With an average broadband speed of 4.9Mbps, the US is being Chariots of Fire-d by South Korea (49.5Mbps), Japan (63.6Mbps), Finland (21.7Mbps), Sweden (16.8Mbps), and France (17.6Mbps), among others. Not only that, but the price paid per megabyte in the US ($2.83) is substantially higher than those countries, all of which come in at less than $0.50 per megabyte.
Now, this site is a tool for measuring the speed of your broadband connection, and it purports to have data from around the world. I have no idea how reliable their methodology is generally, or how good their testing equipment is around the world, but I’ve used it in several different places in the US and it at least seems reliable around here. According to their measurements, the US has an average broadband speed of 5.3 mbps, roughly what the OECD study said. But the numbers for the other countries cited are wildly different: Japan is 13 mbps, Sweden is 8.7 mbps, South Korea is 6.1 mbps, and France is 5.5 mbps. If these numbers are right, te US is behind Sweden and Japan, and slightly behind South Korea and France, but we’re not nearly as far behind the curve as the OECD reports would suggest.
And then there’s this:
The ITIF warns against simply implementing the policies that have worked for other countries, however, and it notes that a good percentage of the difference can be chalked up to non-policy factors like density. For instance, more than half of all South Koreans lived in apartment buildings that are much easier to wire with fiber connections than are the sprawling American suburbs.
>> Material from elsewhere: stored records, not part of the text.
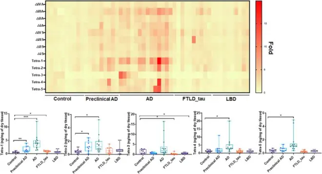 通过上述方法,研究人员对不同神经退行性疾病组和健康组的脑组织进行了3-O-硫酸化HS水平的分析,发现特定的3-O-硫酸化四糖标记物在疾病组与对照组之间存在数量变化,特别是在AD组中Tetra-1的数量显著增加。这揭示了与神经退行性疾病相关的3-O-硫酸化HS的变化,为进一步研究疾病机制和潜在治疗靶点提供了重要线索。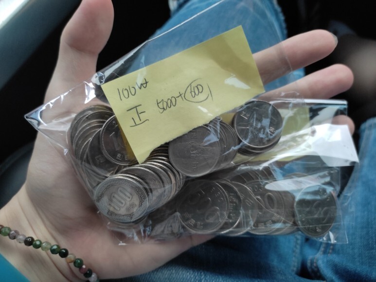 우선 집안에 쌓인 동전을 준비해주세요. 저는 100원과 500원을 모두 가져왔습니다. 50원은.. 나중에 자판기에서 쓰도록 하죠.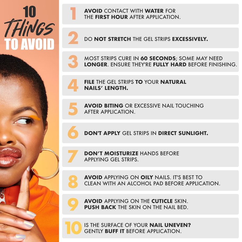 - All Set – Your nail art kit includes 20 semi-cured gel stickers for nails, a wooden cuticle stick, and a nail file. The set is vegan, not tested on animals, and contains no harsh chemicals. Disclaimer: The shade on the box may slightly differ, but rest assured, the nail strips inside match the color as shown on the images above.
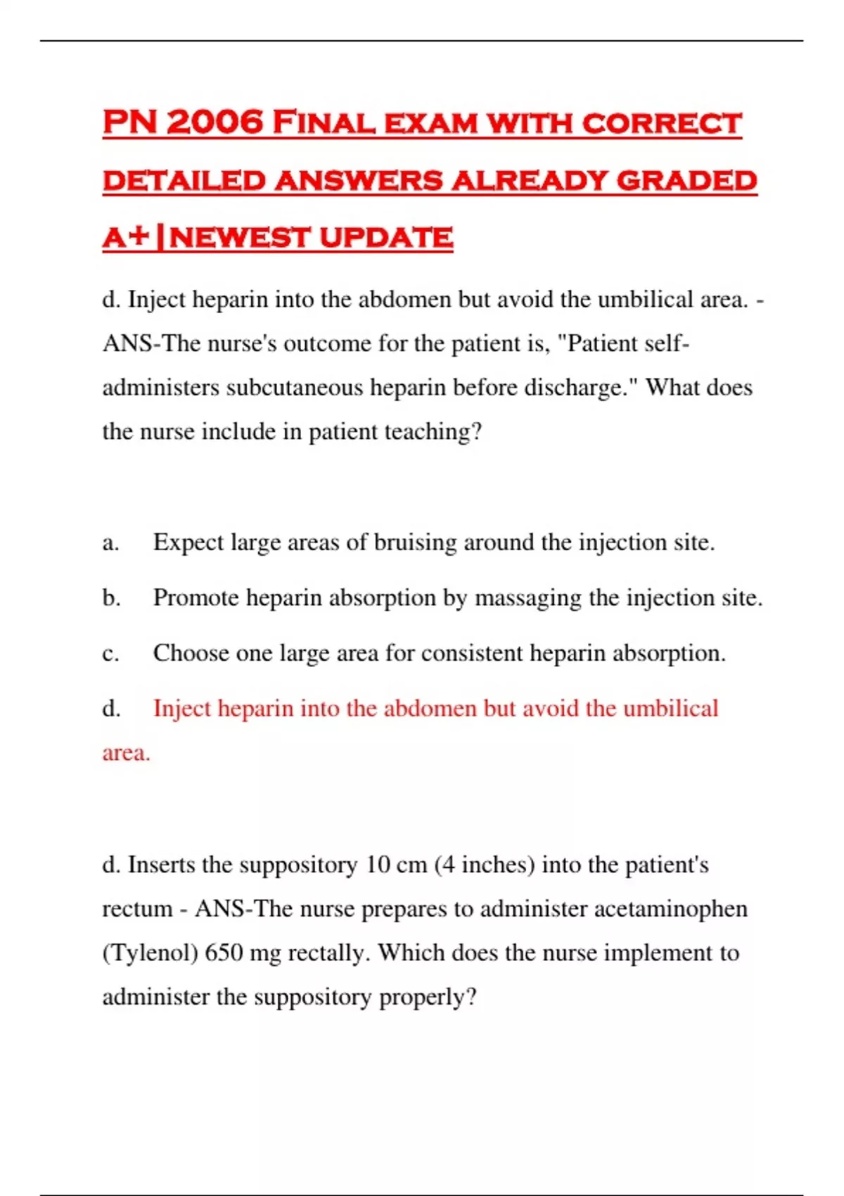 d. Inject heparin into the abdomen but avoid the umbilical area. -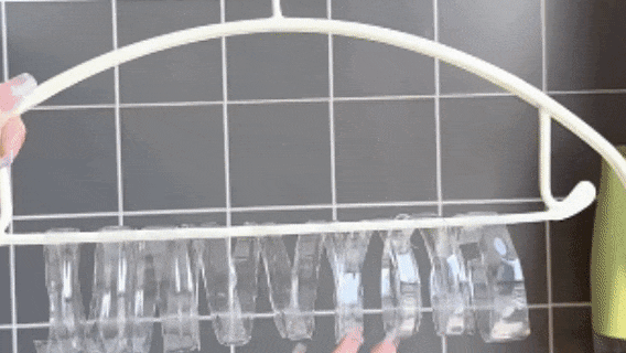 这样一来轻轻松松就能挂五六双的袜子,立体空间也得以有效利用,相比之下把袜子直接挂在衣架上,又将收纳空间扩容了。

Now, I haven’t examined SpeedTest’s methodology, so they might have all sorts of problems that make their results suspect. But it’s at least one data point suggesting that the OECD data might be flawed. And I think the very fact that there seems to be only one widely cited ranking out there ought to make us somewhat suspicious of its findings. Scott Wallsten had bad things to say about the OECD numbers on our podcast. Is there other work out there analyzing the quality of the OECD rankings?